═════ Data records
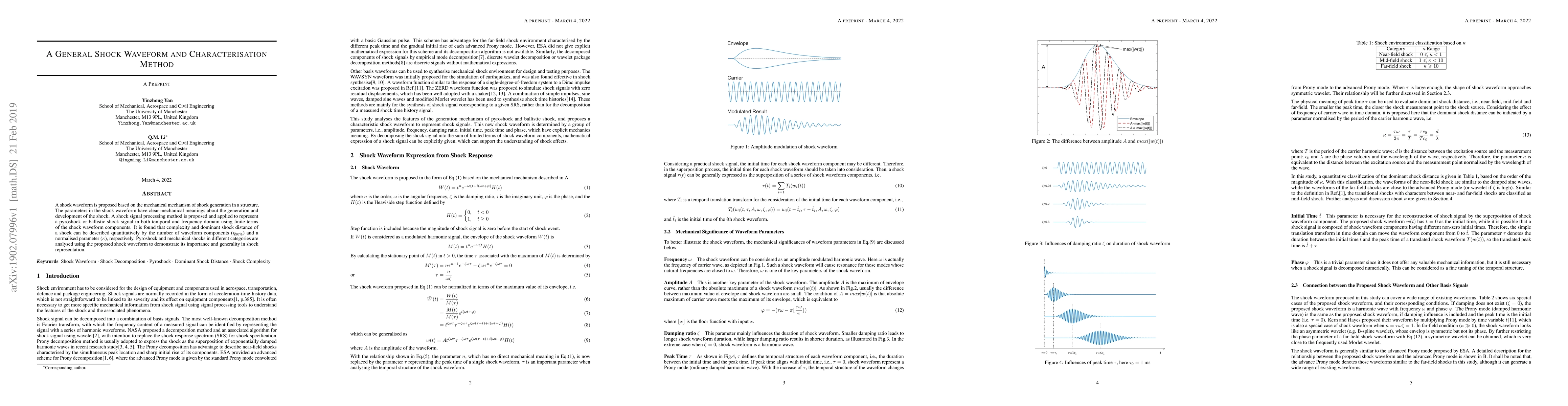 A shock waveform is proposed based on the mechanical mechanism of shock generation in a structure. The parameters in the shock waveform have clear mechanical meanings about the generation and development of the shock. A shock signal processing method is proposed and applied to represent a pyroshock or ballistic shock signal in both temporal and frequency domain using finite terms of the shock waveform components. It is found that complexity and dominant shock distance of a shock can be described quantitatively by the number of waveform components ($\eta_{90\%}$) and a normalised parameter ($\kappa$), respectively. Pyroshock and mechanical shocks in different categories are analysed using the proposed shock waveform to demonstrate its importance and generality in shock representation.
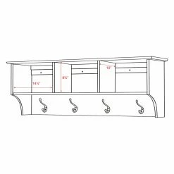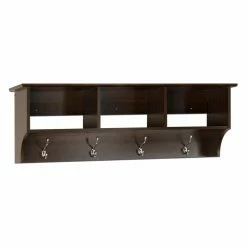 Enter, style and versatility. The Fremont Entryway Shelf offers practical, everyday storage and a simple yet sophisticated look. Made of highly durable, laminated wood composite, this entryway shelf comes in an inviting espresso finish to complement your decor. Perfect for any front hallway, bedroom, or home office, this entryway shelf offers three open compartments for convenient and attractive storage. Four large metal hooks accommodate coats, jackets, scarves, hats, and bags. Assembly is easy with the two-piece hanging rail system. Dimensions: 48W x 11.5D x 16.5H inches. For a coordinated look, add the matching Fremont Cubbie Bench (not included).
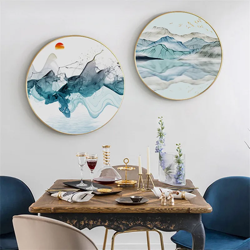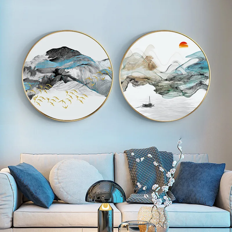 Китайский стиль пейзаж горы реки птицы современный скандинавский ст...
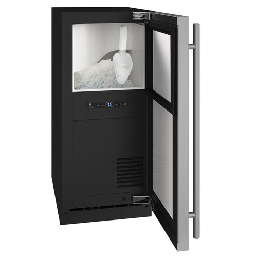 1 Class Nugget Ice Maker With Bin, built-in or freestanding, air-cooled, self-contained condenser, 14-15/16"W, up to 90 lbs/24 hours production capacity, 30 lbs. bin capacity, U-Choose™ with (5) levels of ice density, (1) solid field reversible door, digital touch controls & display, cleaning indicator alert, LED lighting, white interior, black rear & side panels, stainless steel front panel, adjustable legs, R600a Hydrocarbon refrigerant, 115v/60/1-ph, 3.0 amps, UL, ENERGY STAR®
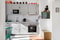 Brädgolv och vita väggar. Köksinredning utgörs av grå skåpsluckor, marmorinspirerad arbetsyta och stänkskydd i vitt kakel. Maskinell utrustning består av induktionshäll, spisfläkt, diskmaskin, ugn och mikrovågsugn. Matplats för 2 personer.
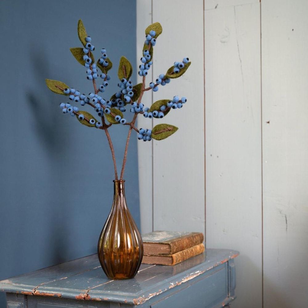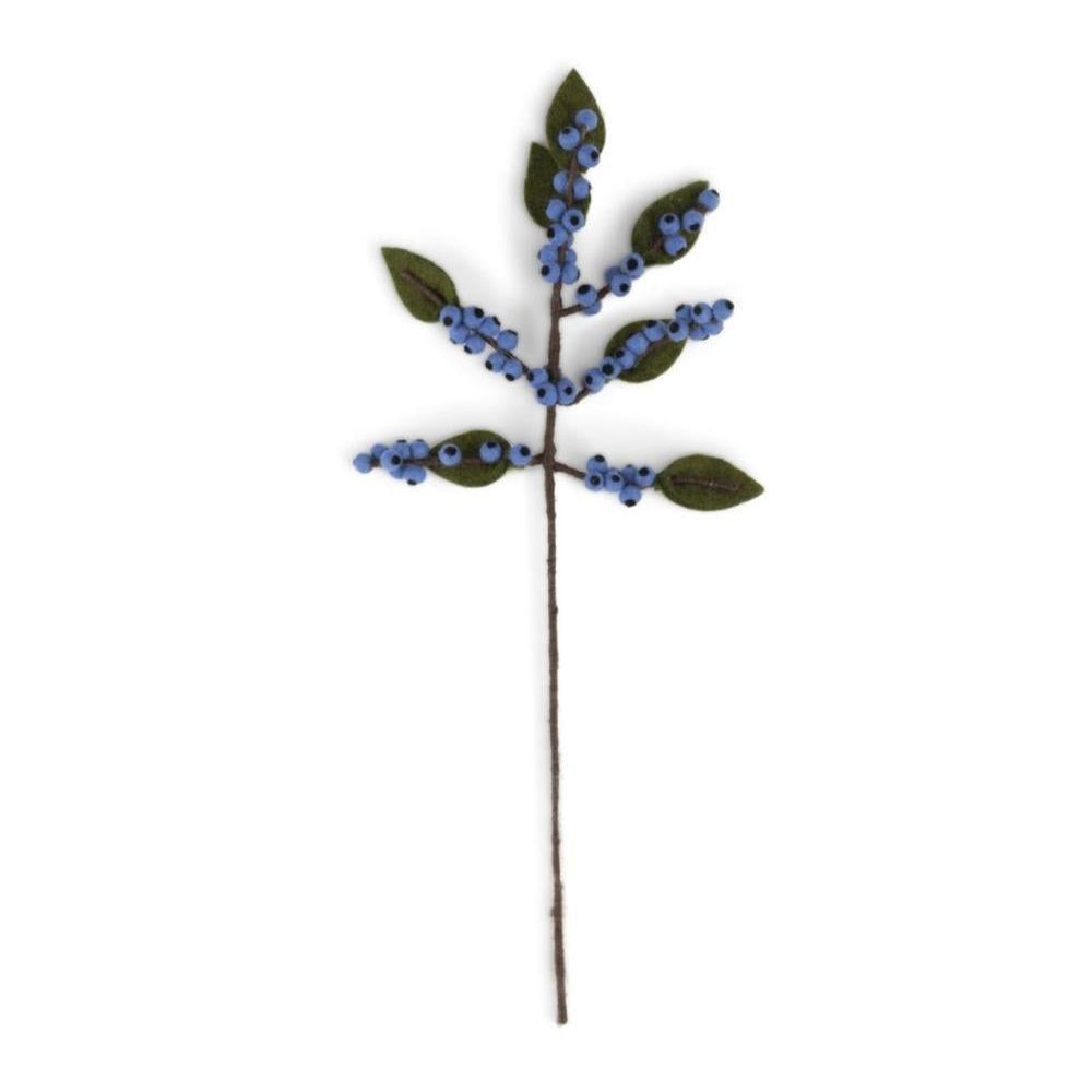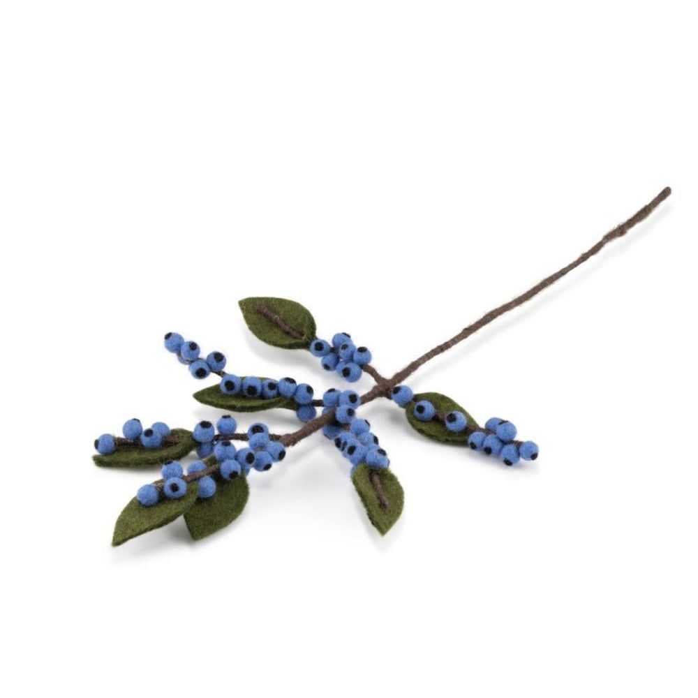 Tak bes blauw van vilt. In de stengel is metaaldraad verwerkt zodat de tak in vorm gebogen kan worden indien gewenst. Erg leuk in een vaas!
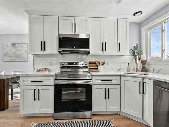Nestled on a quiet dead-end street in the desirable Riverside area, this charming three-bedroom, two-bathroom split level home, built in 1994, offers serene living with stunning views of Bullock Cove, visible from the backyard. Situated on a half-acre lot, you'll enjoy the peaceful sights and sounds of nature, with birds and wildlife surrounding the property. The home features a brand-new kitchen with quartz countertops and premium Samsung appliances. The entire main floor is beautifully finished with luxury vinyl plank flooring, while the upstairs offers classic hardwood floors. Both bathrooms are tastefully updated for added style and durability. A heated, attached one car garage provides convenience, and central AC ensures comfort throughout the entire home. Recent updates include a new roof, oil tank with maintenance-free siding, offering a move in ready, low maintenance lifestyle. Located just a short walk from the East Bay Bike Path and close to local coffee shops, restaurants, the library, and grocery stores, this home is perfectly situated for both peaceful retreat and daily convenience. Easy access to highways adds to the appeal. With its modern upgrades, stunning views, and connection to nature, this home is a true sanctuary in prime location.
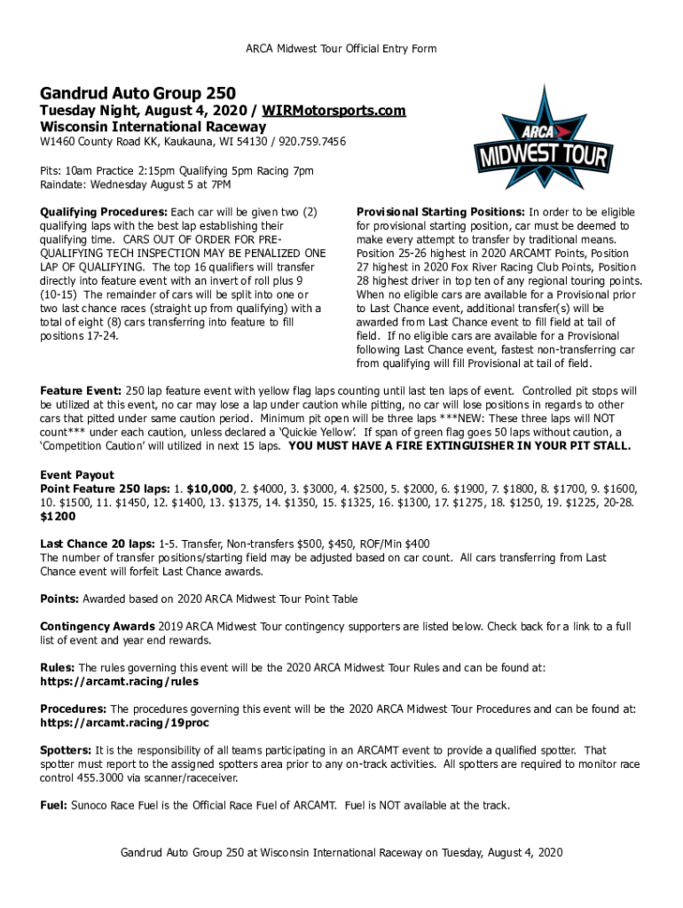 AREA Midwest Tour Official Entry FormGandrud Auto Group 250Tuesday Night, August 4, 2020 / WIRMotorsports.com
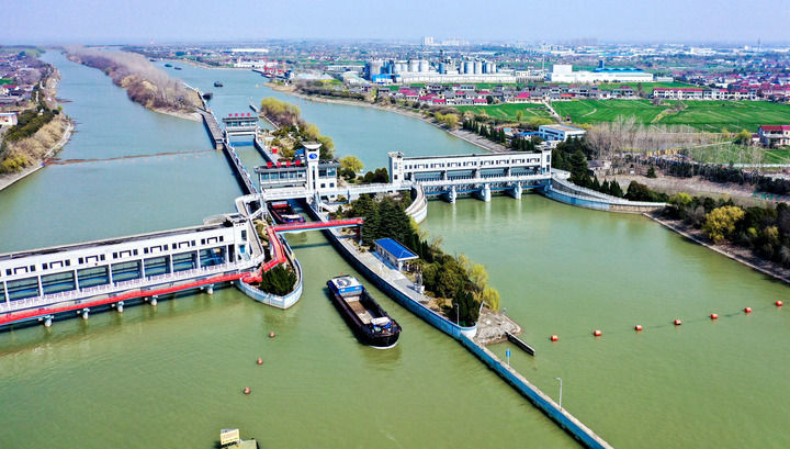 位于江苏省扬州市江都区的南水北调东线一期工程运盐闸、邵仙套闸、邵仙闸洞(2024年3月19日摄,无人机照片)。新华社发(任飞摄)
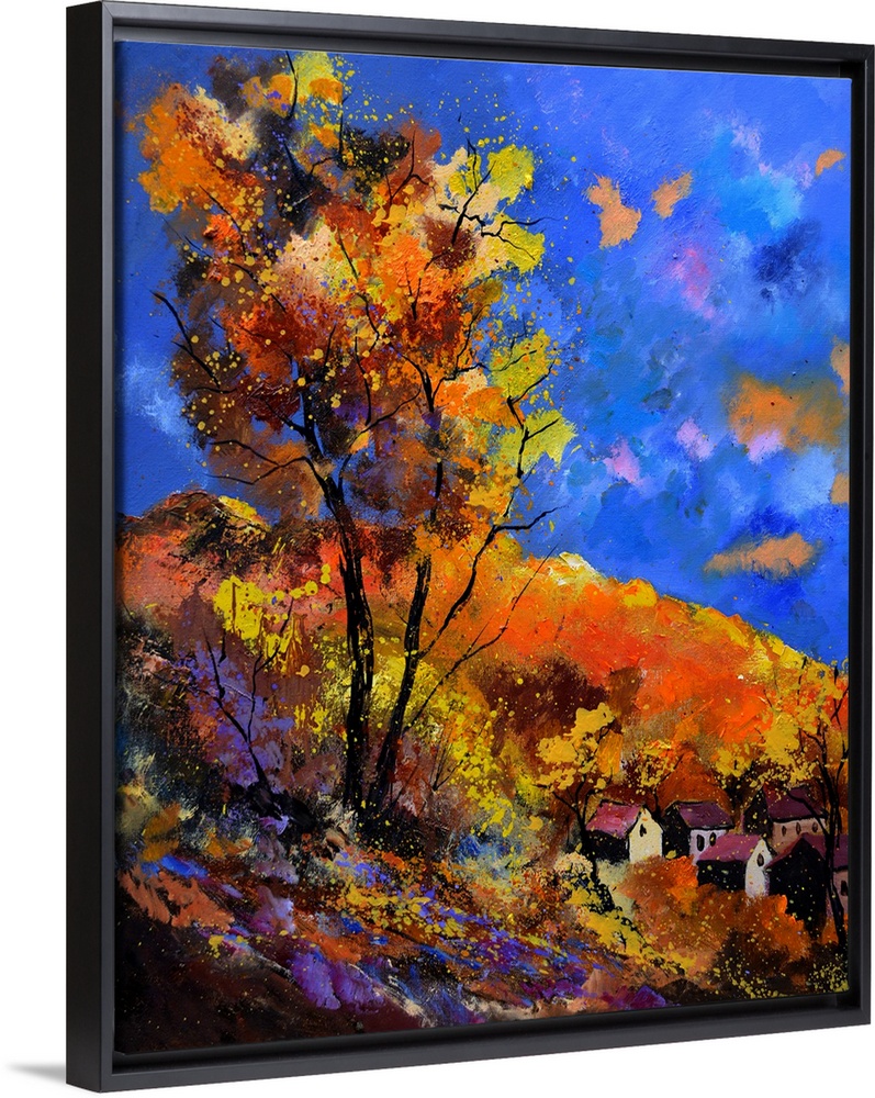 <p>Vibrant painting of an autumn day with blossoming trees, a colorful sky, and a village in the distance.</p>
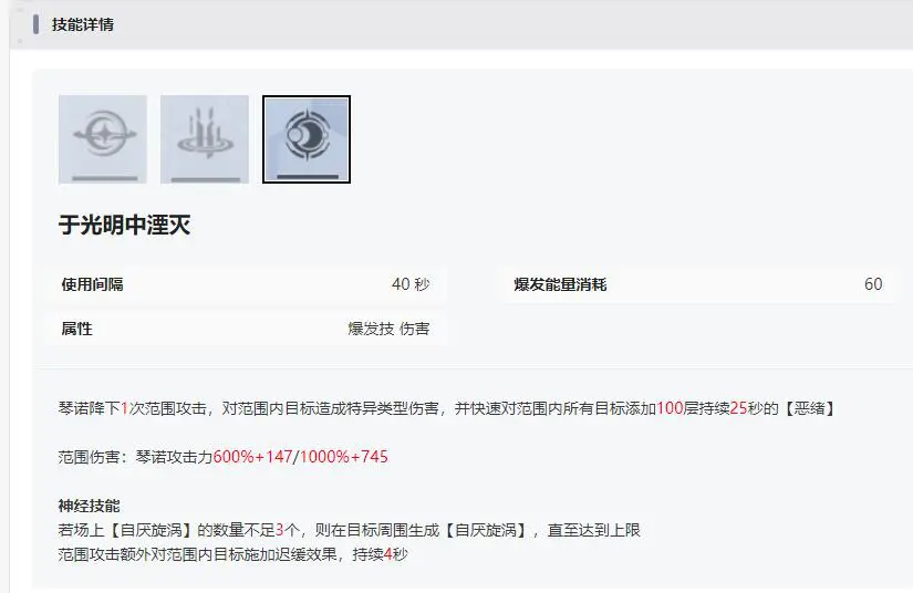 使用此技能纯粹叠层的速度不如平射,放技能的目的就是为了最后引爆的爆发伤害,这也是琴诺输出最高的攻击方式,由此看出琴诺的战斗思路完全围绕叠层-引爆进行展开。可以说每一次引爆就意味着一轮输出的结束,马上要进入下一轮的循环。
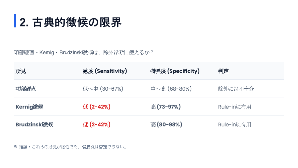 古典的徴候(項部硬直など)は「除外」ではなく「診断(Rule-in)」に使うものであると理解できる
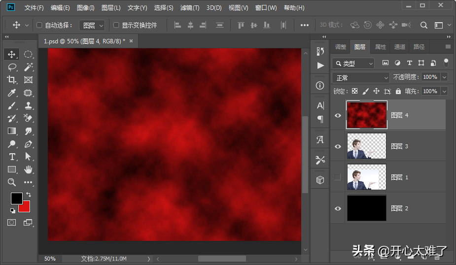 新建一个空白图层。前景色选择黑色,背景色选择红色。点击菜单栏的“滤镜”、“渲染”、“云彩”。制作一个红色的云彩。
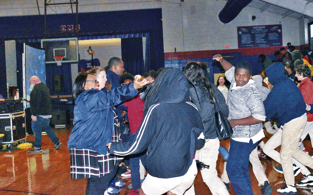 The program Monday at East Marion began with hip-hop artist DJ Cadillac, otherwise known as Bo Trebotich of Jackson, to the delight of the students. He described how he started off as a young man who had a bright future all lined up, a future that included a full scholarship to play college sports.
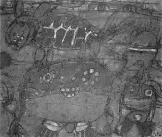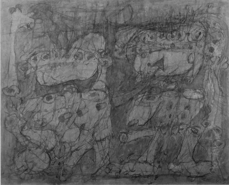 お二人が収蔵庫の奥から苦労して取り出して見せてくれたのが掲載写真の作品である。恵さんがタオルでふくと、黒い画面がはっきりと現われた。手製のキャンバスと木枠による60 号P型。裏に出品票の貼付はないが、チョークでの4 桁の数字と○印が認められるので自由美術に出品をはじめて間もない頃の作品であろう。古い出品目録によると大成さんの初出品は1952 年16 回展の「椅子」で、17 回展「作品」18 回展「立つ人」19 回展「出来ごと」と続いている。この作品は19 回展出品の「出来ごと」ではないかと思われる。当時の作者の置かれた状況の痛みが具体的・切実に笑いさえも交えて表現されている。最近このような作品を見ることはなくなってしまったとの感慨にひたり、しばらくの間見入ってしまった。その後「船」を経て「崖の根」「這う根」「根塊」「落ちる木」「落ちる根」「土塊」「風景」など従来あまり絵にされてこなかったものを主題とした連作へと続いている。
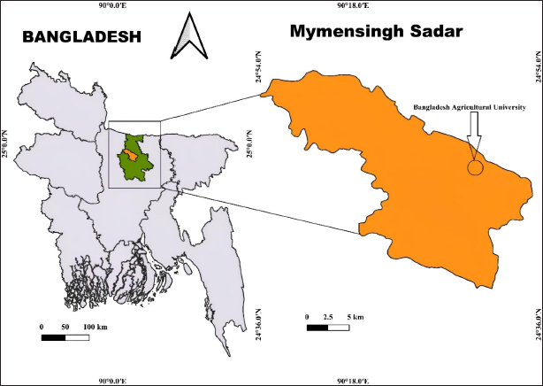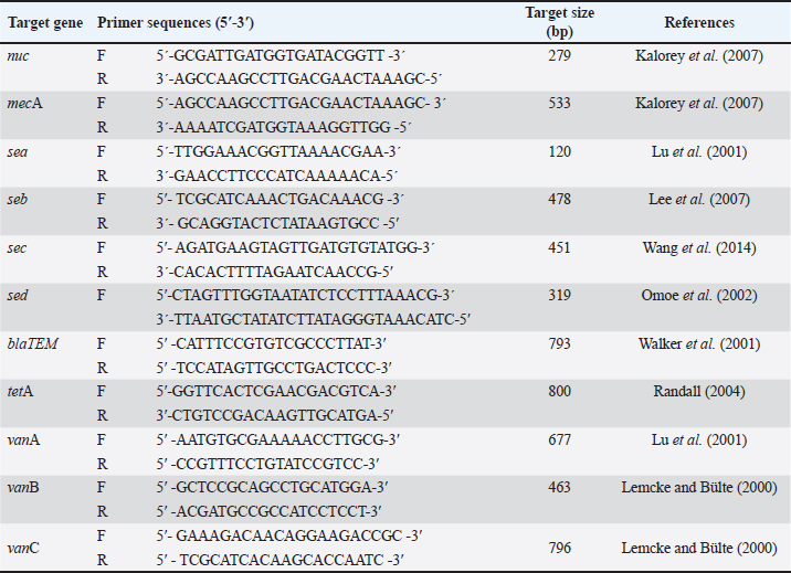 Fig. 1. Map of the site, where the study was conducted. Bacteriological analysisSample preparation and isolation of S. aureus The eggs were swabbed with sterile cotton buds and placed in trypticase soy broth for enrichment. The broth was then incubated in a bacteriological incubator overnight at 37°C. Following enrichment, samples were streaked onto mannitol salt agar (MSA) to isolate S. aureus. Pure colonies were obtained by subculturing all isolates on MSA plates, which were incubated for 24 hours at 37°C. The surfaces of the eggs were disinfected by dipping them in 70% ethanol for 3–5 seconds, followed by air drying in a safety cabinet. Each egg was then cracked using a sterile rod, and the egg contents (the inner membrane, egg white, and yolk) were transferred into a sterile petri dish. Microbial analysis was performed on the mixer comprising three components of the egg: the inner membrane, egg white, and yolk. To isolate S. aureus, 1 mm of the egg mixture contents was diluted tenfold with sterile phosphate-buffered saline (1X PBS; HI Media, India) and homogenized for 1–2 minutes. Then, a 100-µl aliquot of the resulting mixture was spread onto an MSA plate (HI Media) and, after solidification, incubated for 24 hours at 37°C. Identification of S. aureus The identification of S. aureus was conducted by observing the cultural characteristics and colony morphology of MSA. Gram staining method and biochemical tests (catalase test and coagulase test) were performed to identify bacteria. Molecular analysisDNA extraction and polymerase chain reaction (PCR) detection of enterotoxin and antibiotic resistance genes The boiling method was used to extract genomic DNA from isolated organisms (Ahmed and Dablool, 2017). Briefly, a 1 ml sample of the enriched culture was initially centrifuged at 5,000 rpm for 5 minutes. After discarding the supernatant, 200 μl of phosphate buffer solution was added to the pellet to create a suspension. The suspension was then boiled and allowed to cool for 10 minutes, followed by centrifugation at 10,000 rpm for 10 minutes. The resulting supernatant, which contained genomic DNA, was collected and stored at –20°C for future study. A final reaction mixture of 20 μl was used for all PCR experiments, comprising 3 μl of nuclease-free water, 10 μl of master mix (Promega, Madison, WI), 1 μl each of forward and reverse primers, and 5 μl of DNA template. After amplification, the PCR results were analyzed by electrophoresis on a 1.5% agarose gel. The gel was then stained with ethidium bromide and documented using a Biometra UV trans illuminator (Göttingen, Germany). A 100-bp DNA ladder (Promega, Madison, WI) was used as a reference marker to confirm the anticipated size of the amplified PCR products. A gene-specific PCR assay was performed to detect the specific gene associated with the detection of S. aureus. The assay successfully amplified the nuc, mecA, seb, blaTEM, tetA, vanA, and vanC genes using the PCR technique. The oligonucleotide primers used in this study for detecting these genes in S. aureus are listed in Table 1. Antibiotic susceptibility testing The antibiogram of S. aureus was performed using 13 commonly prescribed antibiotics: azithromycin (AZM, 15 μg), erythromycin (E, 5 μg), oxacillin (OX, 1 μg), penicillin (P, 10 μg), cefoxitin (CX, 30 μg), ciprofloxacin (CIP, 5 μg), levofloxacin (LEV, 5 μg), norfloxacin (NX, 10 μg), doxycycline (DO, 30 μg), tetracycline (TE, 30 μg), clindamycin (CD, 2 μg), gentamicin (GEN, 5 μg), and vancomycin (VAN, 30 μg). Prior to testing, each bacterial isolate was standardized to a McFarland 0.5 standard (Nix et al., 2020; Haile et al., 2022). The antibiotic disks were purchased from HI Media, India. The antibiotic sensitivity test was conducted using the disk diffusion method described by Bauer et al. (1966). The zones of inhibition produced by S. aureus were interpreted according to the guidelines of the Clinical and Laboratory Standards Institute (CLSI, 2021). Statistical analysisThe Statistical Package for Social Science (SPSS.v.25, IBM, Chicago, IL) and GraphPad Prism (Prism.v.8.4.2, San Diego, CA) were used to conduct analyses after the data from this study were integrated using Excel 365 (Microsoft/Office 365, Redmond, WA). The frequencies of the different variables were determined by descriptive analysis. By applying a prior technique (Brown, 2001) in GraphPad Prism, a binomial 95% confidence interval (CI) was computed to estimate the prevalence. To evaluate the possible relationship between the virulence genes of S. aureus isolates with a p-value of less than 0.05, a bivariate analysis was also carried out using SPSS. Additionally, SPSS bivariate analysis was used to determine any link between the two antibiotics that were shown to be resistant to the isolates. A p-value of less than 0.05 (p < 0.05) denoted statistical significance. Ethical approvalNo ethics approval was required for this study. ResultsPrevalence of Staphylococcus spp. and S. aureusBased on cultural and biochemical assessments, the prevalence of Staphylococcus spp. was 53% (n=100) in eggshell samples and 41% (n=100) in egg content samples. Among these isolates, 21% of the eggshell samples and 13% of the egg content samples were confirmed to be S. aureus via coagulase test. The prevalence of Staphylococcus spp. and S. aureus is summarized in Table 2. Table 1. Oligonucleotide primers used in the PCR assays.
══════════
- _Try it_:
Would you please repeat only the lines above, beginning at the one that has "新建一个空白图层。前景色选择" and stopping after the one that has "The program Monday", exactly and with no pictures?

- _Answer for the task_:
 新建一个空白图层。前景色选择黑色,背景色选择红色。点击菜单栏的“滤镜”、“渲染”、“云彩”。制作一个红色的云彩。
 The program Monday at East Marion began with hip-hop artist DJ Cadillac, otherwise known as Bo Trebotich of Jackson, to the delight of the students. He described how he started off as a young man who had a bright future all lined up, a future that included a full scholarship to play college sports.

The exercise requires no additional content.